Dh has a tendency to say things like, "Mama used the wringer washer for 40 years without complaining, I don't know why we need to spend the money for a fancy one" and she does not hesitate to set him straight, LOL. I got a nice front loader for Christmas 2 years ago


----------



## neolady (Dec 30, 2005)

Darned tooting you can use it on a wood stove - works better there than on an electric one! I use it all the time on my woodstove - it's the best thing ever invented for cooking on it!! I have a reasonably good selection of it - a grill, omelet pan, several frying pans, 3 roasters and various sauce pans.

I haven't managed to chip mine at all yet and my oldest pieces are about 10 years old now. The only problem I have had is my husband. He likes to scrub stuff with sharp objects and Le Creuset won't take that. It is also far better quality than a lot of the "knock offs" that are on the market now, although those brands are definitely better than nothing. 

If you want to keep it looking nice on the outside, don't be afraid to use some spray on oven cleaner (inside or out). I use oven cleaner on both Le Creuset and my stainless occasionally to sparkle it up.


----------



## GrannyG (Mar 26, 2005)

I LOVE this cookware....I buy it at garage sales even if it has a few dings in it...as long as it is not cracked . I bake alot in mine.


----------



## nikko (Feb 7, 2007)

no enameled cookware should be used over an open fire. it will ruin it. woodstove is ok, but not a campfire.....dont ask me how i know........


----------



## sewsilly (May 16, 2004)

Ladies! I am lucky enough to live near THE le crueset outlet.
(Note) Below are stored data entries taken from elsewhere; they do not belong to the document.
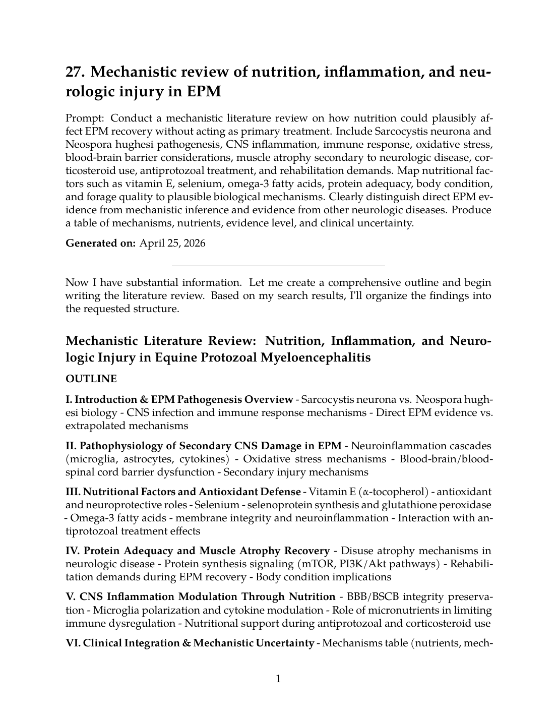 This comprehensive mechanistic review integrates current understanding of EPM pathogenesis, secondary CNS injury, and nutritional physiology to outline plausible—but largely unproven—nutritional interventions supporting EPM recovery. The distinction between direct EPM evidence, extrapolated SCI/neurologic disease mechanisms, and general biologic principles is maintained throughout, acknowledging substantial clinical uncertainty while providing a framework for evidence-informed practice pending rigorous equine-specific research.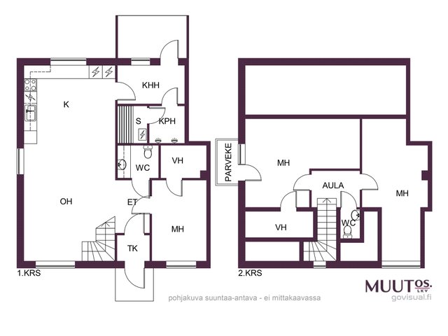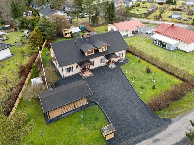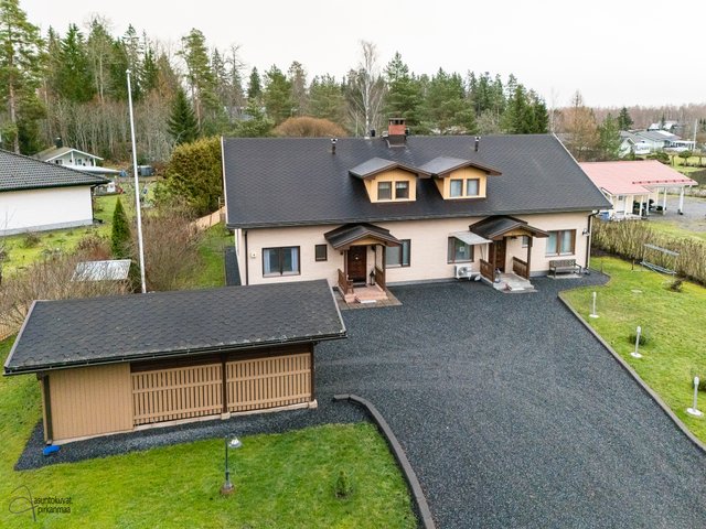 - Pinta-alat perustuvat myyjältä saatuihin tietoihin ja rakennuspiirustuksista laskettuihin arvioihin. Pinta-aloja ei ole tarkistusmitattu, mitattaessa pinta-alat saattavat olla ilmoitettua suurempia tai pienempiä. Kohteen kauppahinta ei ole osaksikaan pinta-alaperusteinen vaan perustuu kokonaisuuteen. Rakennuspiirustusten mukainen kerrosala 281 m2, kerrosala ja huoneistoala A 128m2 ja B 112m2 yhteensä 240m2. Asuintilojen pinta-ala on laskettu rakennuspiirustuksista ja siihen on huomioitu kaikki asuinkäytössä olevat tilat, muihin tiloihin on laskettu autotalli ja varasto.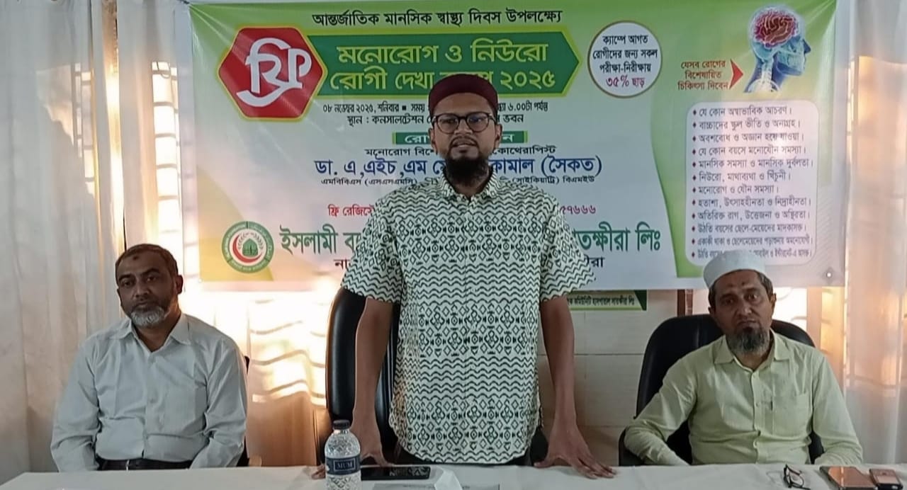 আন্তর্জাতিক মানসিক স্বাস্থ্য দিবস উপলক্ষে ইসলামী ব্যাংক কমিউনিটি হাসপাতাল সাতক্ষীরা লিমিটেড এর আয়োজন মনোরোগ ও নিউরো রোগী দেখা ফ্রি মেডিকেল ক্যাম্প অনুষ্ঠিত হয়েছে।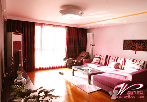 客廳里,女主人特別挑選了粉紅色的沙發(fā),配以同色調(diào)彩條靠包,她說,那是春韻的寫意畫片,在跳躍艷麗的粉暈中,春天永遠(yuǎn)伴在家人的身邊,那樣輕盈,那樣?jì)趁摹?/P>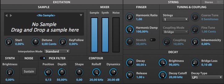 The Pluck oscillator has been updated with extended sample controls including Start Time, Detune and Key Follow, the Noise section now includes a Sustain Mode and the String section a stereo mode.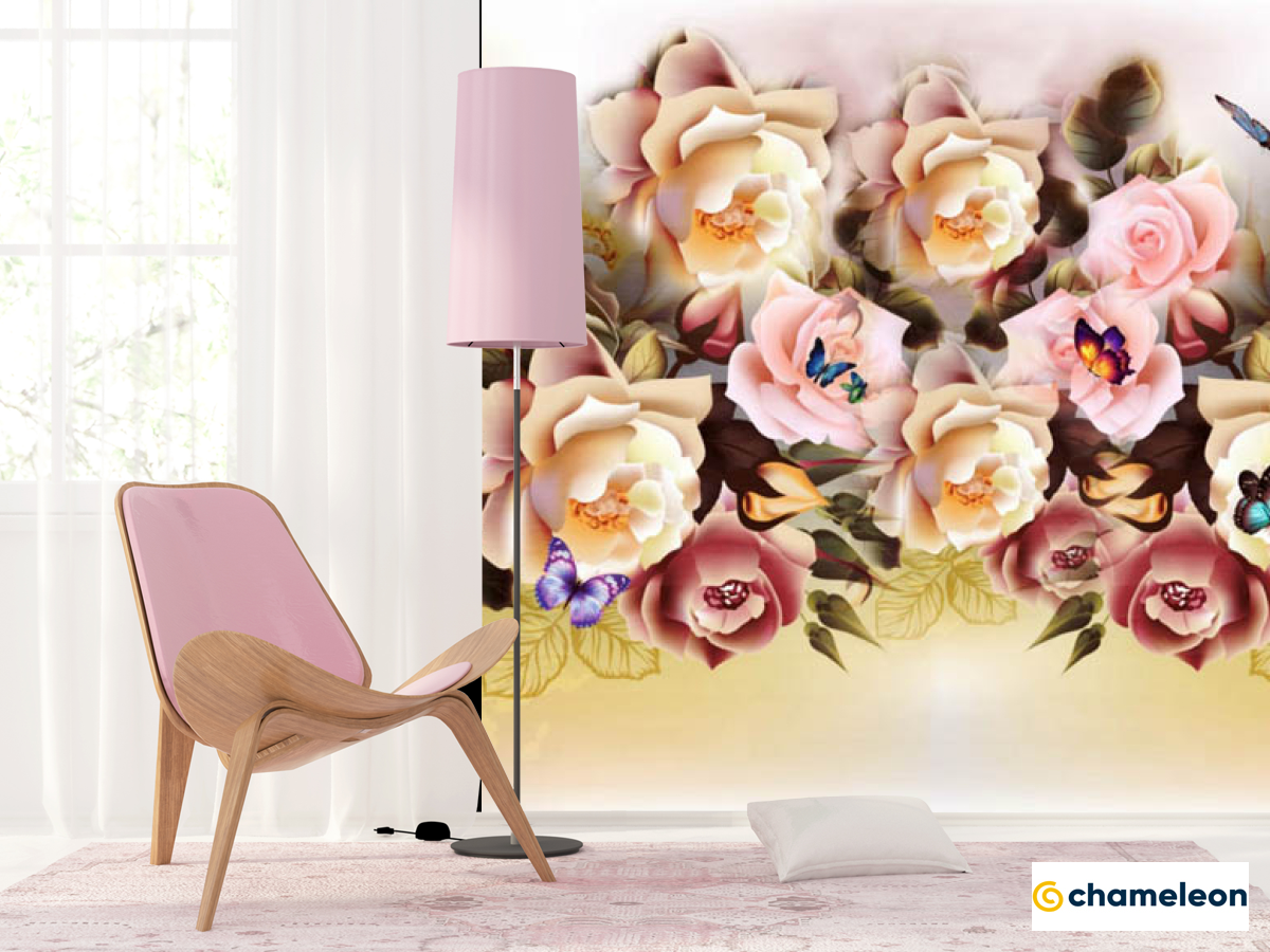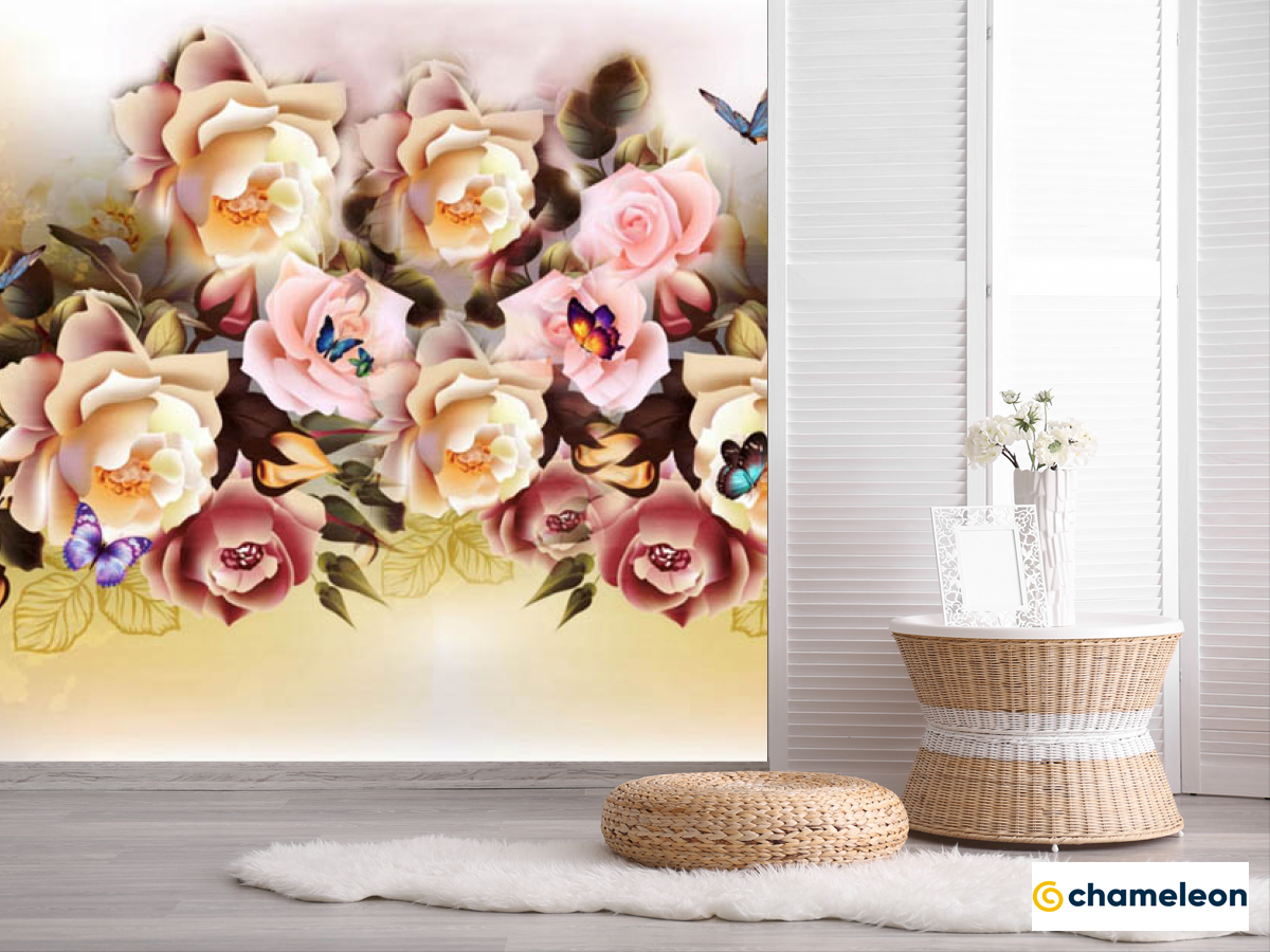 Фотошпалери мікс квітів з метеликами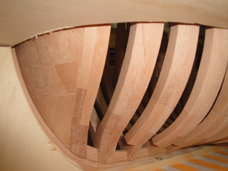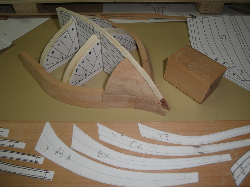 Krzywulce zostaly przylepione do wregi i wygliglowane. Calosc zostala dopasowana do kilu.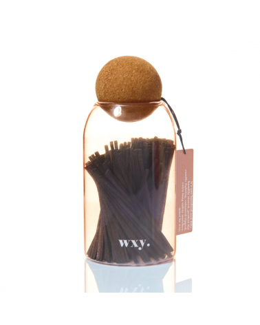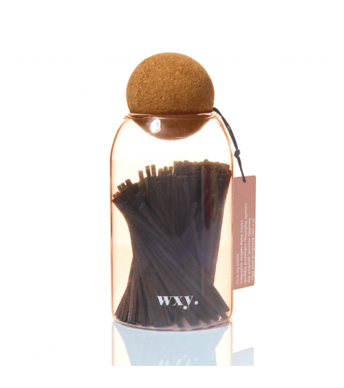 150 allumettes de sécurité dans un bocal en verre teinté réutilisable.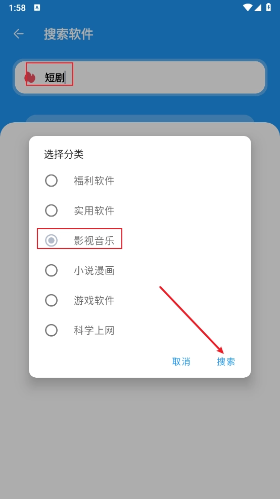 3、也能够点击搜索框一键查找喜爱的资源,如图所示,选择分类后点击“搜索”按钮即可。
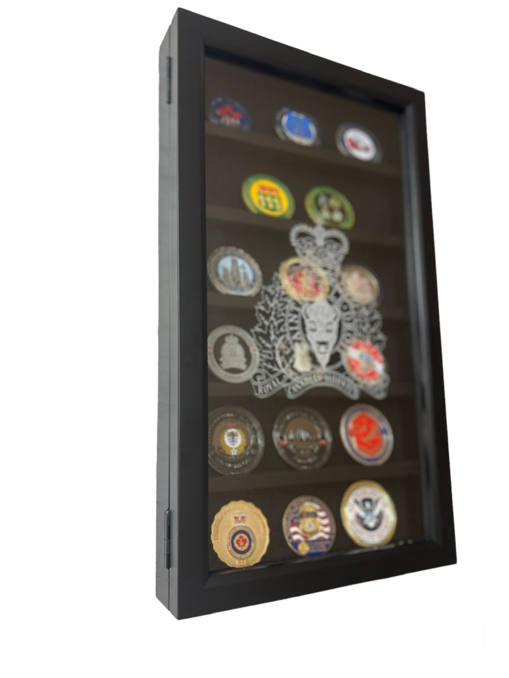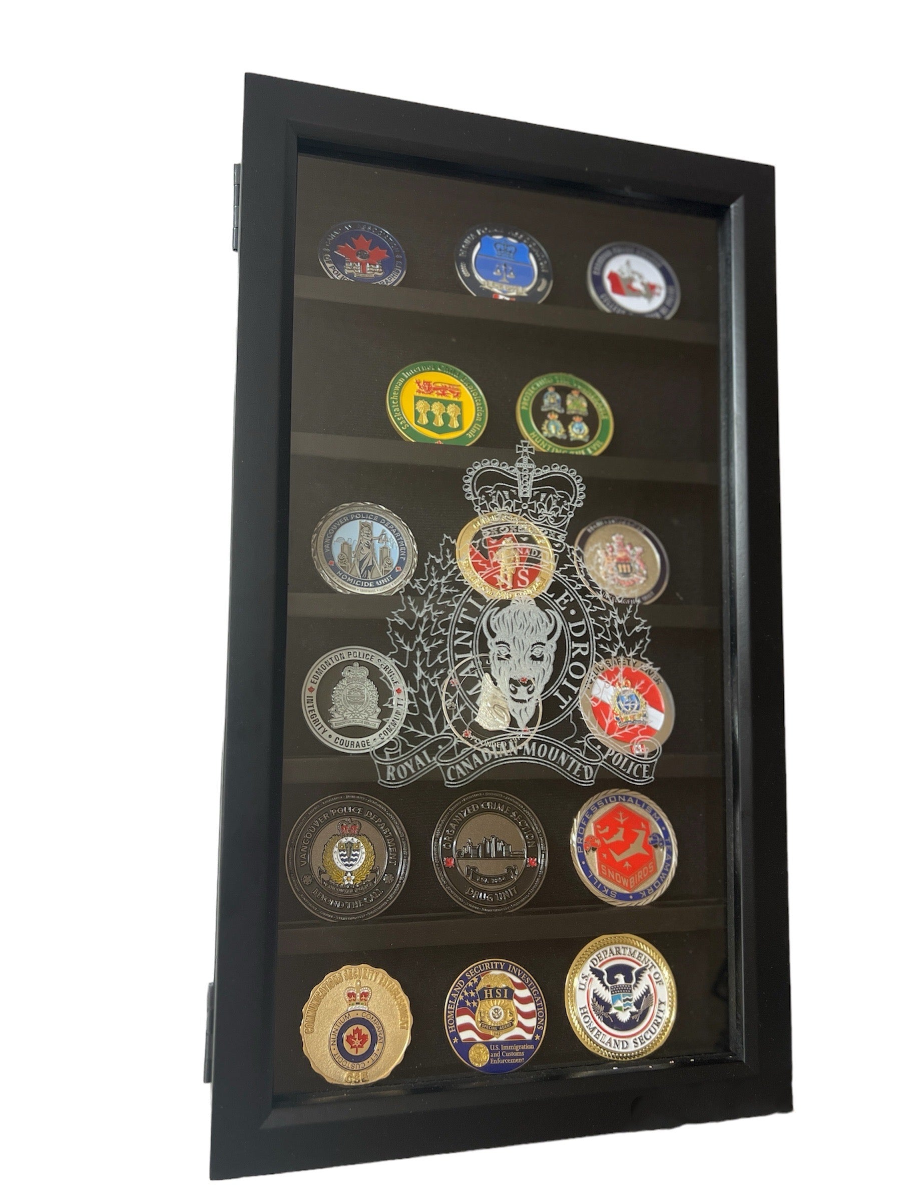 It has 6 shelves that can hold 24 standard sized coins. It comes with sawtooth hangers on the back. Dimensions are 8in by 15in.

I have a massive collection.
I have two large pots which are proof that it takes a licking. My DH, the biggest, lead boy scout, used it on the turkey fryer and in an open fire. 

I will hasten to point out that Le Crueset has a LIFETIME warranty against cracks and any enamel damage. I've owned it and used it hard for 25 years. Three dutch ovens have been replaced because of damage. I have one that needs to go back now. I take them to the outlet and they mail me a brand new one, identical to it. If you need to replace something that is discontinued, you get to approve trading it for the next biggest best thing. Unfortunately, you can't switch colors... so a damaged 'flame' pot, will be replaced with another 'flame' pot, even if you have switched 'colors' (as sometimes happens with your tastes over 25 years.) Certainly doesn't affect the performance or my complete happiness with the warranty.

That MIL is a true, true gem!


----------



## stars01 (Jun 24, 2006)

I use mine on the woodstove all the time-nice pan but very heavy!

Paula


----------



## PrettyPaisley (May 18, 2007)

What a NICE gift! I've only got 2 peices (from the SC outlet) but want more. And the pieces are crazy heavy!


----------